Above them, the slits in the tent had been undone for airflow, and Heather had apparently left them that way.
It was wonderful. Back bent over the open ground, Rose felt as though she was really flying. She caught Connor a few times, and she caught the bar. The stunts weren’t just well-timed, they were perfect. Easy. She returned to the platform with a final kick after two minutes of music and flying that seemed miles away. The buzzer went off again, and she hurtled toward the last stunt, but when she finished the swing… Connor wasn’t there.

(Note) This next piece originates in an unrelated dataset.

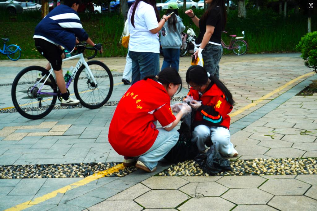 活动当天,志愿者们统一着装、准时集合,在明确分工与安全提醒后,迅速投入环境清洁与文明宣传工作。大家手持垃圾夹、分类垃圾袋、手套等工具,沿梅溪湖步道、草坪、观景台及亲水区域进行 “地毯式” 清理,重点捡拾烟头、塑料瓶、纸屑、食品包装等生活垃圾,细致清理绿化带。在活动过程中,志愿者们严格落实垃圾分类要求,将可回收物与其他垃圾分别收纳,确保清理规范、处置有序。

Panic set in, cold and icy, drenching the exhilaration of the minutes before. She hadn’t let go of the bar yet, so there was still time to fix this, but Connor’s bar was swinging toward her, and he wasn’t in position. He was sitting on the bar, legs hanging down, waving to the crowd.
Had she missed something?
Yes! She realized. She was early. Or he was late. Or…something!
Just as planned, Connor flipped over his bar and made to catch her, and Rose made a hairpin decision. Panicked and hearing the end of their music, she let go of her bar, and reached for his hands—and missed.
Afterwards, she couldn’t remember Connor’s face, or where he had been looking, she only knew that it had not been at her. What she would never forget, however, was the sound. The crowd, a mob of spirit-soaked southerners, turned the sort of quiet that wasn’t natural anywhere indecent. Then, there was the sucking sound of hundreds of gasps as she seemed to float below Connor’s bar, falling.
Rose was no stranger to falls. She tucked tight, ready for the harness to catch her, and it did, with a horrid shaking spring that slowed her fall, and wrenched her backward from her flight. Unfortunately, she was still turning from the flips, and the tuck only made her go faster. She spread herself backward, willing the harness to catch, but just as it began to slow her fall, her mother’s scream filled her ears, her head, all the way down to her toes.
Her mother was here? Why didn’t she remember that? Where were the rest of them? Why hadn’t they come to see her before?
But those thoughts were drowned by a gutting snapping of wood and strings. The wailing sound the open piano made when she thundered into its insides would haunt her dreams like the ghosts of Dickens himself until the day she died. The levers crunched, the shell splintered, the legs cracked, and the resonating moan the instrument let out tumbled through the night air. It was deafening up close, but at least the shattering key sticks covered the sound of her snapping bones.